Belangrijk. Houd er rekening mee dat op deze manier (door bovendien een trapezium tot een driehoek te construeren) sommige problemen met betrekking tot trapeziums kunnen worden opgelost en dat sommige stellingen kunnen worden bewezen.

Hoe de zijkanten en diagonalen van een trapezium te vinden

Het vinden van de zijkanten en diagonalen van een trapezium gebeurt met behulp van de onderstaande formules:


In deze formules zijn de gebruikte notaties zoals in de figuur.

a - de kleinste van de bases van de trapezium
b - de grootste van de bases van het trapezium
c,d - zijkanten
h 1 h 2 - diagonalen


De som van de vierkanten van de diagonalen van een trapezium is gelijk aan tweemaal het product van de basissen van het trapezium plus de som van de vierkanten van de zijkanten (Formule 2)

In diverse materialen testen en examens zijn heel gebruikelijk trapezium problemen, waarvan de oplossing kennis van de eigenschappen ervan vereist.

Laten we eens kijken welke interessante en nuttige eigenschappen een trapezium heeft voor het oplossen van problemen.

Na het bestuderen van de eigenschappen van de middellijn van een trapezium, kan men formuleren en bewijzen eigenschap van een segment dat de middelpunten van de diagonalen van een trapezium verbindt. Het segment dat de middelpunten van de diagonalen van een trapezium verbindt, is gelijk aan de helft van het verschil tussen de bases.

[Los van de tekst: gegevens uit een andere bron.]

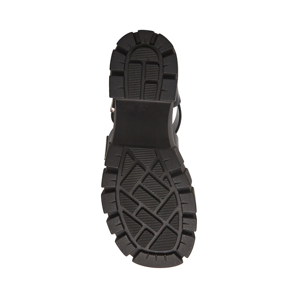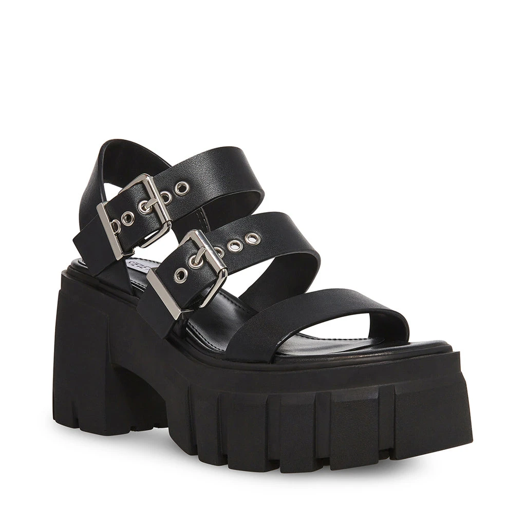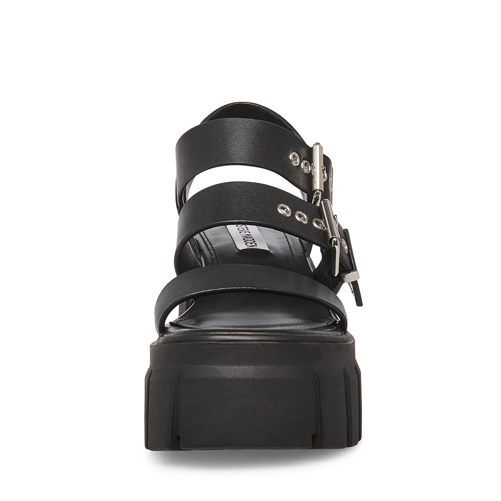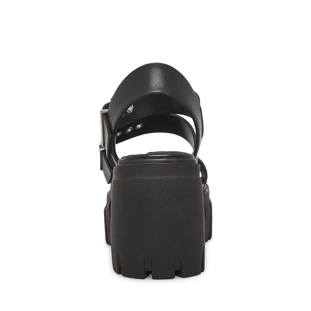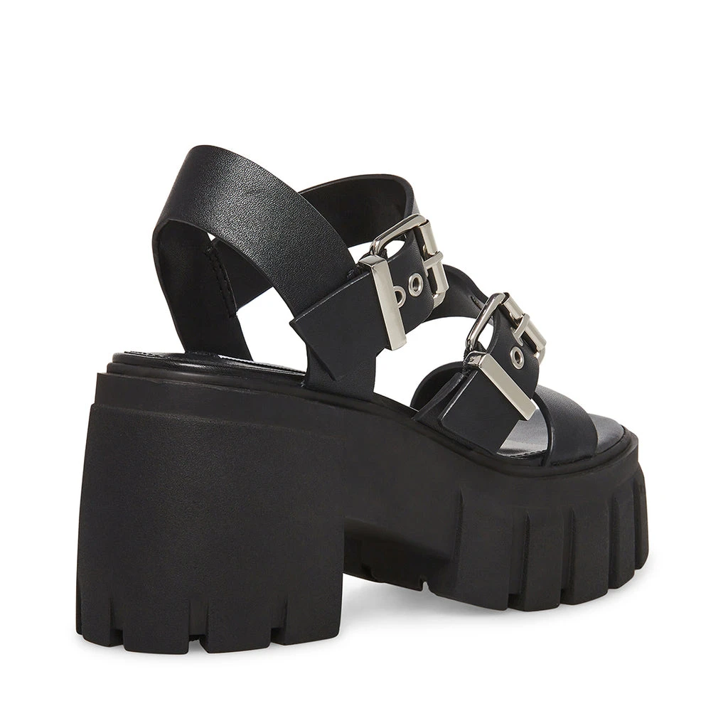 The LOCATE sandals are secured to the chunky platform heel with a wide leather strap design and substantial buckle hardware.

MO – middenlijn driehoek ABC en gelijk aan 1/2ВС (Afb. 1).

MQ is de middelste lijn van driehoek ABD en is gelijk aan 1/2AD.

Dan OQ = MQ – MO, dus OQ = 1/2AD – 1/2BC = 1/2(AD – BC).

Bij het oplossen van veel problemen met een trapezium is een van de belangrijkste technieken het tekenen van twee hoogten erin.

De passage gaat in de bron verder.